=== Section Start ===

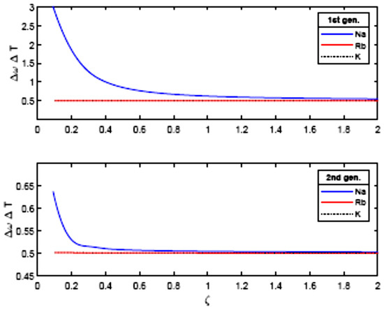The experimental data were taken from [22,23,24,25]. In detail, the experiment data for potassium were taken from [25] and those sodium from [23]. Furthermore, the experimental data for rubidium were found in [24], whereas the updated data were taken from [22].
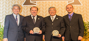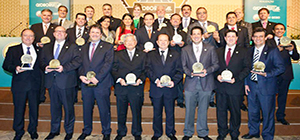 Acima: diretores das 20 empresas premiadas; abaixo: Dr. Aroldo com diretores da Jacto premiada na categoria tratores e máquinas agrícolas
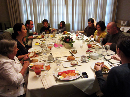 There were eleven of us for eggs in all kinds of styles and lox and Bloody Marys at Nine Ten, the restaurant in the hotel where Tracie P and I got married in La Jolla, the Grand Colonial, home of the Parzen family’s official Sunday brunch.
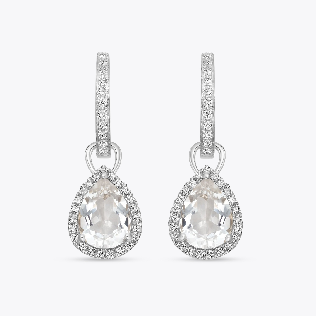 Grace pear White Topaz and Diamond surround detachable drops in 18ct White Gold. (White Topaz is approximately 2.21ct and Diamond is 0.17ct)
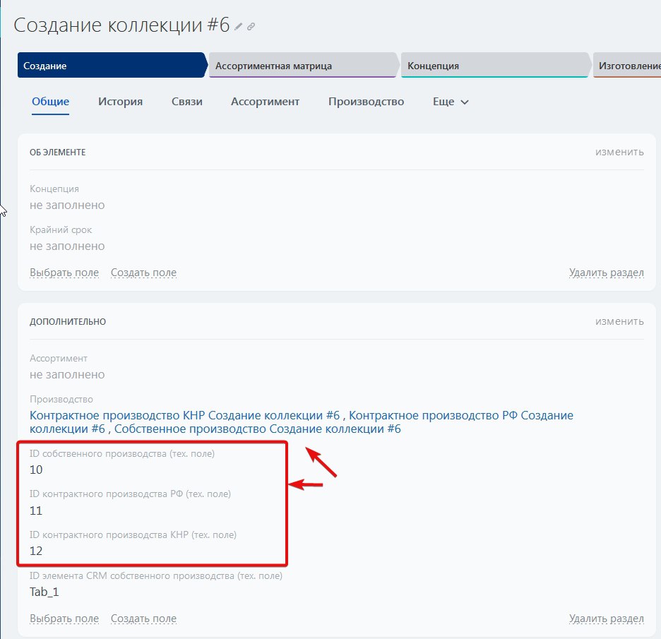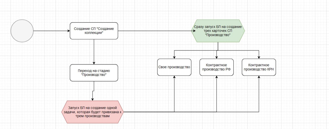 Как работает процесс: при создании СП "Создание коллекции" в другом СП (Производство) создается три карточки и при переходе СП "Создание коллекции" в стадию "Производство" нужно ставить задачу, которая будет привязана к трем элементам СП "Производство".
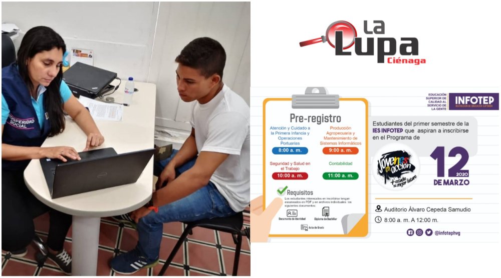 El pre-registro para los estudiantes del primer semestre de la IES INFOTEP que aspiran a inscribirse en el Programa de Jóvenes en Acción se desarrollará en el auditorio de la institución, de 8 a 12 del mediodía.
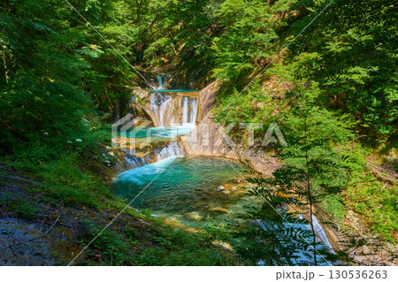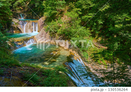 山梨県山梨市 西沢渓谷の七ツ釜五段の滝の段瀑部分を見る
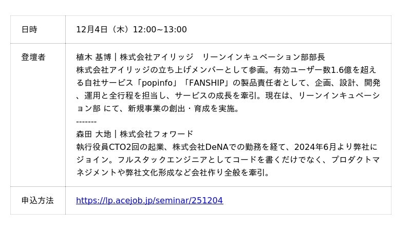 「AIはエンジニア採用をどう変えるのか?」をテーマに、「エースジョブ」導入企業のアイリッジ様とエンジニア採用の最前線を現場目線から紐解きます。多様化するスキル、アサインの複雑化、そして可視化がもたらす、新しい採用の形を明らかにするセミナーです。

=== Section End ===

Repeat the records above exactly, from the first line through the line containing "Как работает процесс: при", and leave out the pictures.

The experimental data were taken from [22,23,24,25]. In detail, the experiment data for potassium were taken from [25] and those sodium from [23]. Furthermore, the experimental data for rubidium were found in [24], whereas the updated data were taken from [22].
 Acima: diretores das 20 empresas premiadas; abaixo: Dr. Aroldo com diretores da Jacto premiada na categoria tratores e máquinas agrícolas
 There were eleven of us for eggs in all kinds of styles and lox and Bloody Marys at Nine Ten, the restaurant in the hotel where Tracie P and I got married in La Jolla, the Grand Colonial, home of the Parzen family’s official Sunday brunch.
 Grace pear White Topaz and Diamond surround detachable drops in 18ct White Gold. (White Topaz is approximately 2.21ct and Diamond is 0.17ct)
 Как работает процесс: при создании СП "Создание коллекции" в другом СП (Производство) создается три карточки и при переходе СП "Создание коллекции" в стадию "Производство" нужно ставить задачу, которая будет привязана к трем элементам СП "Производство".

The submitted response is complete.